D. Then, in the Edit Output Data Column Dialog, move CUST_ID from the Available Attributes list to the Selected Attributes list, and click OK.

Result: The CUST_ID column is added to the Additional Output tab, as shown here:

E. Finally, click OK in the Edit Apply Node window to save your changes.
Now, you are ready to apply the model. Right-click the Apply Model node and select Run from the menu.

Result: Small green gear icons appear in each of the nodes that are being processed.
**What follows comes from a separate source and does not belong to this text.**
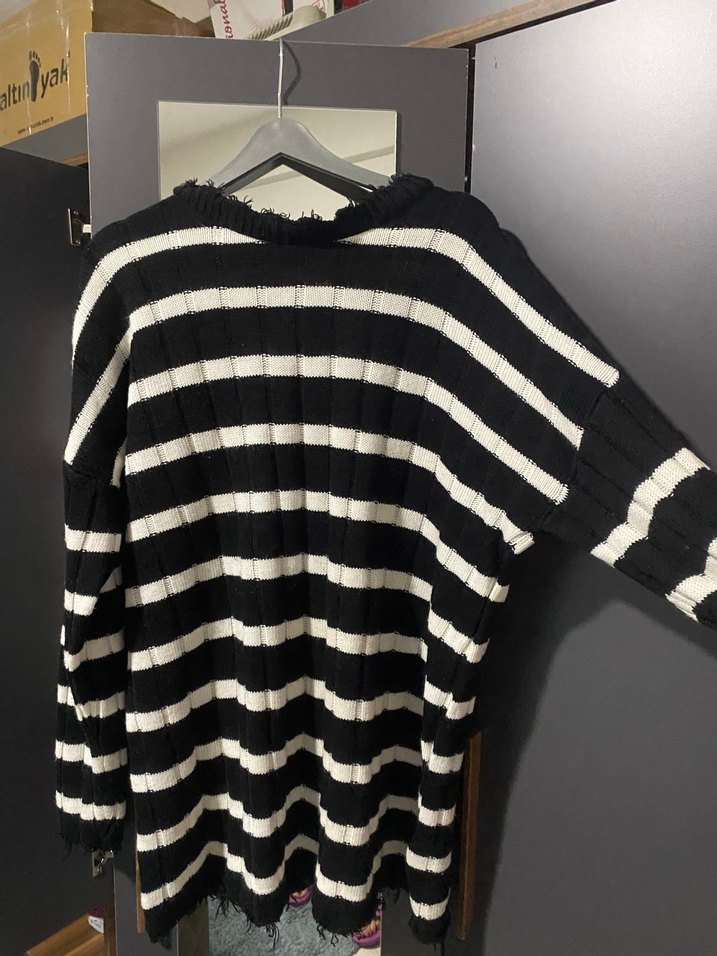 Siyah beyaz çizgili, uzun kollu, gevşek kesim örgü elbise. Tekneden yakalı ve midi boy, günlük kullanım için uygun.

In addition, the execution status is shown at the top of the workflow pane.

When the process is complete, green check mark icons are displayed in the border of all workflow nodes to indicate that the server process completed successfully.
To view the results, perform the following:

A. Right-click the Apply Model node and select View Data from the Menu.

Result: A new tab opens with the contents of the output. The results include three columns: the customer ID, the cluster ID, and the cluster prediction probablility.

B. Click the Sort button, and specify a sort using the prediction probability, in descending order, as shown here:

C. Finally, click Apply Sort to view the results.

Result: Your output should look something like this:
In addition, you can enter a Where clause in the Filter box to narrow the output results.

A. Enter the following Where clause:

CLUS_EM_1_3_CLID = 2 and CLUS_EM_1_3_PROB > .997

Note: Your column names may be different from those in this example. Make sure to enter the correct column names.

B. Then, press Enter.

Description of this image

Notes:
- The results should show records for those customers who are predicted to be in Cluster 2, with a probability greater than 99.7%.
- Each time you run an Apply node, Oracle Data Miner may take a different sample of the data to display. With each Apply, both the data and the order in which it is displayed may change. Therefore, the sample in your table may be different from the sample shown here. This is particularly evident when only a small pool of data is available, which is the case in the schema for this lesson.
- You can optionally add a Table node to the workflow to persist the results. The table contents can then be displayed using any Oracle application or tools, such as Oracle Application Express, Oracle BI Answers, Oracle BI Dashboards, and so on.
When you are done viewing the results, dismiss the Apply Model window, and click Save All.